Your task:
Each line below should be repeated exactly, but no picture should be carried over.

Dataset content:
***

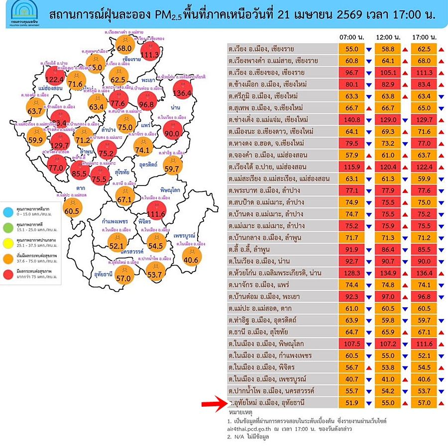 ตั้งแต่ 1 เม.ย.-19 เม.ย. ภาคเหนือ ค่าฝุ่นpm2.5เกินค่ามาตรฐาน(37.5 มคก./ลบ.ม.)
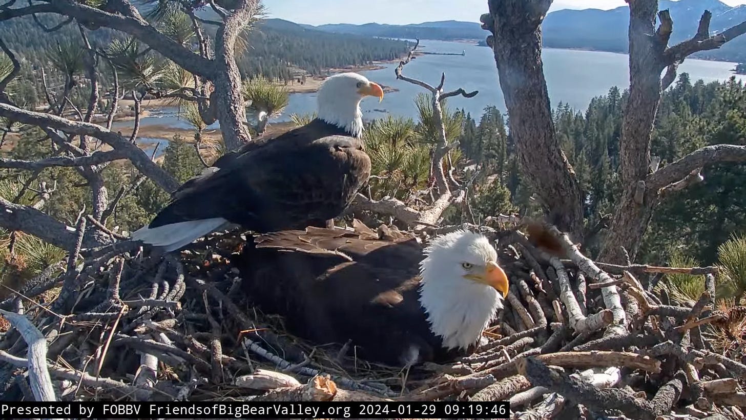 Which leads me to share the last feature of today’s newsletter: the BEST screen time I’ve had all week. For the past year I’ve been keeping an eye on the livestream Big Bear Valley Bald Eagle Nest Cam, and the eagles just laid two beautiful eggs. If successful, they will hatch the first week of March. I’ll be spending the next month watching these birds be birds. Highly recommend.
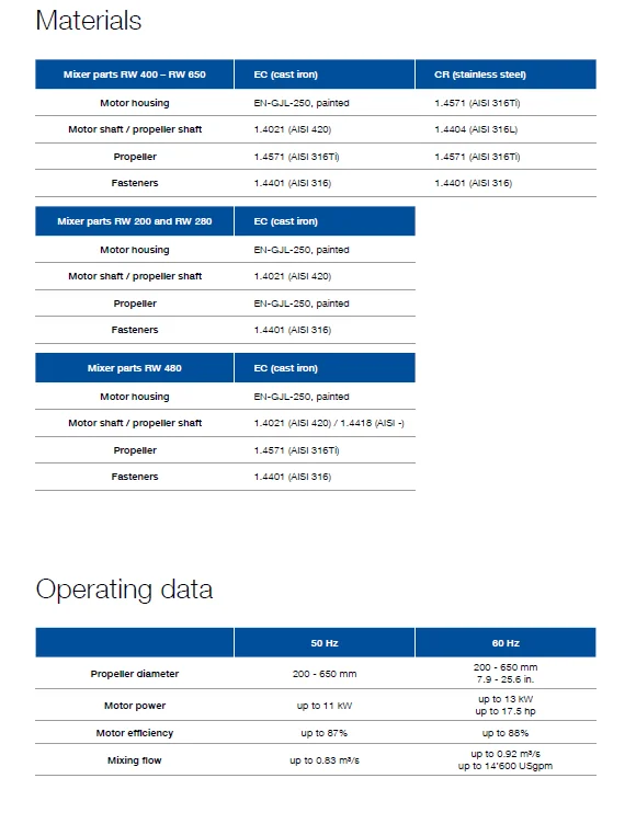 •The RW mixer range includes several submersible mixers with integral motors ranging from 1.3 to 13 kW (1.7 – 17.5 hp)

***

Your response:
 ตั้งแต่ 1 เม.ย.-19 เม.ย. ภาคเหนือ ค่าฝุ่นpm2.5เกินค่ามาตรฐาน(37.5 มคก./ลบ.ม.)
 Which leads me to share the last feature of today’s newsletter: the BEST screen time I’ve had all week. For the past year I’ve been keeping an eye on the livestream Big Bear Valley Bald Eagle Nest Cam, and the eagles just laid two beautiful eggs. If successful, they will hatch the first week of March. I’ll be spending the next month watching these birds be birds. Highly recommend.
 •The RW mixer range includes several submersible mixers with integral motors ranging from 1.3 to 13 kW (1.7 – 17.5 hp)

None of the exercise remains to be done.